Mas o litoral Alentejano até já esteve muito mais em perigo.
Antes de ser parque natural! Alguém tem ideia da quantidade de projectos que aquela região já teve, mas que não foram concretizados? E o melhor é o facto dos poucos empreendimentos turísticos que lá existem, estarem às moscas, não dando grande margem de progressão a mais empreendimentos.
Tem muito mais vocação para ser parque natural aquele lugar, do que para outra coisa... Há por lá animais, que muita gente nem faz a mínima ideia e pensa que estão extintos já há muito tempo.
No Algarve ( mais para o centro da costa) o problema é mais o espaço que escasseia para pôr mais um ou outro campo de golfe ou hotel, numa zona chave para ter muito sucesso.
Nas célebres e tão afamadas praias do Mediterrâneo ( tirando um recanto ou outro) a questão é mais remodelar, nem é achar espaço... 
O Alqueva foi um empreendimento arriscado, mas ambientalmente arrisco-me a dizer que foi muito menos negativo do que inicialmente se pensava... Falava-se do lince que iria ser extinto, mas ainda há pouco tempo encontraram-no lá, a caça é muito abundante, há espécies protegidas a viver na barragem de forma permanente... Em relação às explorações em redor do Alqueva, não é muito fácil vingar ali, são precisos investimentos bastante grandes... Mas o Alentejo profundo e selvagem nem é a zona do Alqueva, embora de facto já fique bem no interior do Alentejo.
Em relação à política, prefiro não entrar muito por aí.
Só acho que o que tem salvo o ambiente em Portugal, não tem sido a preocupação ecológica, mas antes a falta de organização e euros, para avançar com mais infraestrututas e além da centralização dos meios nas grandes cidades, levando ao êxodo rural.


----------



## frederico (7 Dez 2010 às 21:13)

*Re: Diversidade climática*



belem disse:


> Poluição, enchentes de gente, excesso de urbanismo...
> Mas concordo o que dizes, embora não falasse nisso.
> Além de que não me parece que se faça praia de Março a Outubro no Sul de França, como já foi dito, pelo menos de forma consistente... Penso que há que separar mitos da realidade.
> Acredito até que se façam mais dias de praia no Algarve do que no Sul de França.



Enchentes e excesso de urbanismo também temos em Portugal, mormente no Algarve, mas também nalguns pontos da costa ocidental. A praia da Monte Gordo, por exemplo, costuma estar a rebentar pelas costuras. 

Claro que é um mito, a Primavera do sul de França é fresca, o período balnear resume-se a cerca de 3 meses.

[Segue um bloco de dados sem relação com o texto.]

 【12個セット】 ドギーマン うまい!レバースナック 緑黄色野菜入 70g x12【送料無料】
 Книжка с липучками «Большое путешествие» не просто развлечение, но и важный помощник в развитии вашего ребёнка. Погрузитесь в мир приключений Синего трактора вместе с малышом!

Basta procurar pelas tabelas das normais de Nice e comparar. 

Mas há muitos pontos em Itália, França ou Grécia sem enchentes, com bom urbanismo, boa frequência... mas são caros.


----------



## frederico (7 Dez 2010 às 21:23)

*Re: Diversidade climática*



belem disse:


> Mas o litoral Alentejano até já esteve muito mais em perigo.
> Antes de ser parque natural! Alguém tem ideia da quantidade de projectos que aquela região já teve, mas que não foram concretizados? E o melhor é o facto dos poucos empreendimentos turísticos que lá existem, estarem às moscas, não dando grande margem de progressão a mais empreendimentos.
> Tem muito mais vocação para ser parque natural aquele lugar, do que para outra coisa... Há por lá animais, que muita gente nem faz a mínima ideia, e pensa que estão exintos já há muito tempo.
> No Algarve ( mais para o centro da costa) o problema é mais o espaço que escasseia para pôr mais um ou outro campo de golfe ou hotel, numa zona chave para ter muito sucesso.
> ...



Os projectos urbanísticos para o Alqueva têm sido abandonados desde que estalou a crise financeira. E ainda bem. 

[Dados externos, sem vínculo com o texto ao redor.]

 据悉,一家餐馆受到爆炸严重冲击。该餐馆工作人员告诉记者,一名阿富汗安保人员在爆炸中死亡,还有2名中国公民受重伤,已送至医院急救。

Quanto ao litoral alentejano, a sua maior ameaça são os PIN. Graças a este mecanismo, pode-se construir em áreas protegidas se o investimento for superior a um determinado montante. O pretexto é o emprego, pura ilusão, estes PIN empregam maioritariamente imigrantes durante a construção dos campos de golfe e das moradias, e depois de concluídas as obras, fica um ou outro segurança, alguém para cortar a relva, empregados do bar, e pouco mais. Dá muito mais emprego uma fábrica de um pequeno empresário, e tem menos impacto na paisagem.

Parece que as coisas têm corrido menos bem lá para Tróia e para a Comporta, com a queda dos mercados irlandês, britânico e espanhol, devido à crise, e com a nossa própria crise, pode ser que o Alentejo permaneça a salvo de mais betão. 

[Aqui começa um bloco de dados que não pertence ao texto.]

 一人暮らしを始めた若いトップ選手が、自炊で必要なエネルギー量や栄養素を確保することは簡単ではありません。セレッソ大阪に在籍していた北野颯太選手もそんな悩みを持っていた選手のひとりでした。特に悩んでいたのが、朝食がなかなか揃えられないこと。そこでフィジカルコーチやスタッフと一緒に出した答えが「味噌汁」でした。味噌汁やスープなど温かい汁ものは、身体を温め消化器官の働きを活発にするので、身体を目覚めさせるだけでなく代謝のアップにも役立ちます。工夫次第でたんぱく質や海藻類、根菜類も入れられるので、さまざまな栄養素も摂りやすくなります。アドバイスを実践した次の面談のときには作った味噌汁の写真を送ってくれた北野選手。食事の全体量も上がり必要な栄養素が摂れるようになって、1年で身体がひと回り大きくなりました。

O nosso futuro deve ser a indústria, a agricultura, o mar e o turismo sustentável. Se assim não for, os bons quadros continuarão a sair para outras economias europeias, e por cá ficarão as mulheres a dias ou os jardineiros das moradias de férias dos estrangeiros, os empregados dos bares e dos campos de golfe, e os funcionários públicos 

PS: oxalá o Ryder Cup não venha para Portugal.


----------



## belem (7 Dez 2010 às 21:24)

*Re: Diversidade climática*



frederico disse:


> Enchentes e excesso de urbanismo também temos em Portugal, mormente no Algarve, mas também nalguns pontos da costa ocidental. A praia da Monte Gordo, por exemplo, costuma estar a rebentar pelas costuras.
> 
> Claro que é um mito, a Primavera do sul de França é fresca, o período balnear resume-se a cerca de 3 meses. Basta procurar pelas tabelas das normais de Nice e comparar.
> 
> Mas há muitos pontos em Itália, França ou Grécia sem enchentes, com bom urbanismo, boa frequência... mas são caros.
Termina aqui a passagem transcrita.